### Exercise brief
Write the records out exactly as they read, but not the pictures.

◇ ◇ ◇

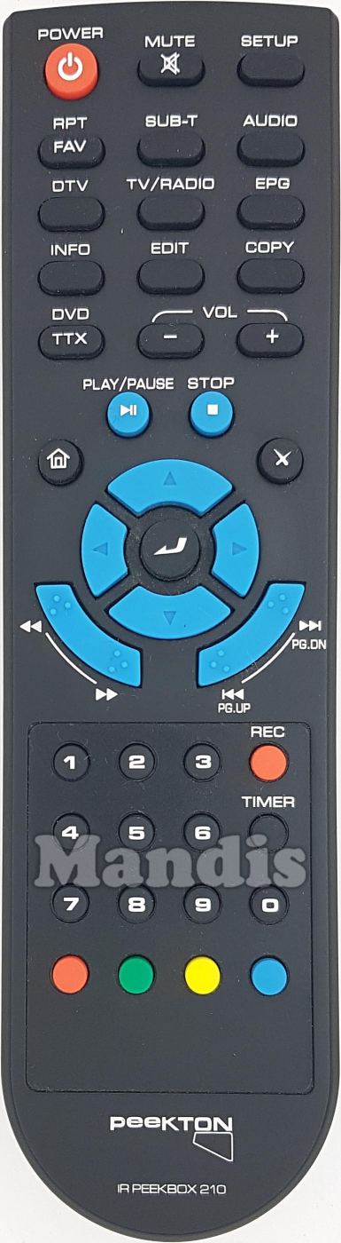 Comandament a distància original IR PEEKBOX 210 que serveix per televisors de la marca PEEKTON. Es tracta d'un model original de comandament a distància.
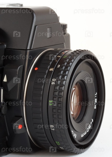 Ключевое изображение винтажной зеркальной камеры SLR на белом фоне
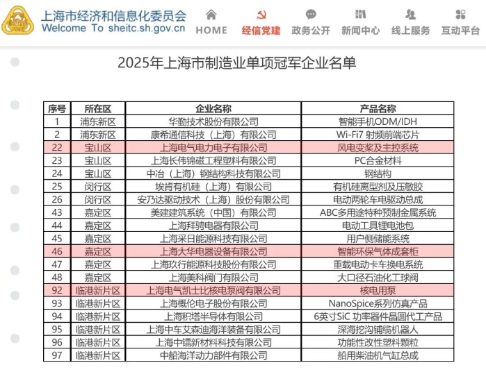 上海市经信委日前公布2025年“上海市制造业单项冠军企业”名单,上海电气旗下上海电气凯士比核电泵阀有限公司、上海电气电力电子有限公司、上海大华电器设备有限公司三家企业成功上榜。
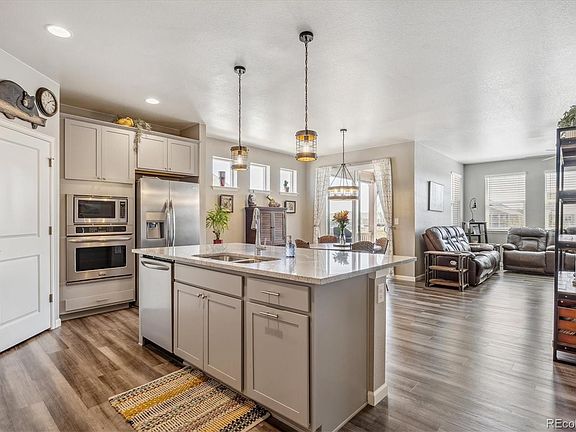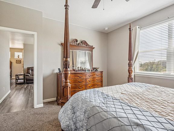 Wonderfully maintained LIKE NEW home in the Waterside Community of Todd Creek. This home comes with a fully fenced backyard, AC, all window treatments and beautiful stainless steel appliances. Also notice the nicely landscaped yard with gorgeous flowers, bushes and trees. Step inside and find a bright, open floor plan. The kitchen is open to the dining and living room to create ample living space. In the kitchen you will find a large pantry, stainless steel appliances and a large island. The dining room has 3 windows that provide natural light and give the room so much character. Cozy up to the gorgeous fireplace and enjoy all the comfort of this home. There is a bedroom in the front of the home as well as another bedroom/office down the hall. The Primary bedroom, which looks out to the private backyard, has a 5 piece bathroom and a large walk in closet. Enjoy the privacy of your backyard under the covered patio or the new oversized patio or walk out in the yard to enjoy views of the lake and/or the mountains! This home has it all and is ready for you to move in!
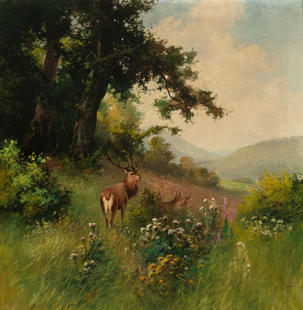 Zorkóczy Gyula: Erdőrészlet szarvasokkal
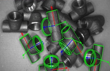 活塞桿等復(fù)雜工件因表面反光、堆疊遮擋難以抓取,3D視覺系統(tǒng)通過多目伺服技術(shù)與三維點云重建,結(jié)合避碰算法優(yōu)化抓取路徑,解決了傳統(tǒng)工裝無法適配多品種零件的問題。

◇ ◇ ◇

### Output for this task
 Comandament a distància original IR PEEKBOX 210 que serveix per televisors de la marca PEEKTON. Es tracta d'un model original de comandament a distància.
 Ключевое изображение винтажной зеркальной камеры SLR на белом фоне
 上海市经信委日前公布2025年“上海市制造业单项冠军企业”名单,上海电气旗下上海电气凯士比核电泵阀有限公司、上海电气电力电子有限公司、上海大华电器设备有限公司三家企业成功上榜。
 Wonderfully maintained LIKE NEW home in the Waterside Community of Todd Creek. This home comes with a fully fenced backyard, AC, all window treatments and beautiful stainless steel appliances. Also notice the nicely landscaped yard with gorgeous flowers, bushes and trees. Step inside and find a bright, open floor plan. The kitchen is open to the dining and living room to create ample living space. In the kitchen you will find a large pantry, stainless steel appliances and a large island. The dining room has 3 windows that provide natural light and give the room so much character. Cozy up to the gorgeous fireplace and enjoy all the comfort of this home. There is a bedroom in the front of the home as well as another bedroom/office down the hall. The Primary bedroom, which looks out to the private backyard, has a 5 piece bathroom and a large walk in closet. Enjoy the privacy of your backyard under the covered patio or the new oversized patio or walk out in the yard to enjoy views of the lake and/or the mountains! This home has it all and is ready for you to move in!
 Zorkóczy Gyula: Erdőrészlet szarvasokkal
 活塞桿等復(fù)雜工件因表面反光、堆疊遮擋難以抓取,3D視覺系統(tǒng)通過多目伺服技術(shù)與三維點云重建,結(jié)合避碰算法優(yōu)化抓取路徑,解決了傳統(tǒng)工裝無法適配多品種零件的問題。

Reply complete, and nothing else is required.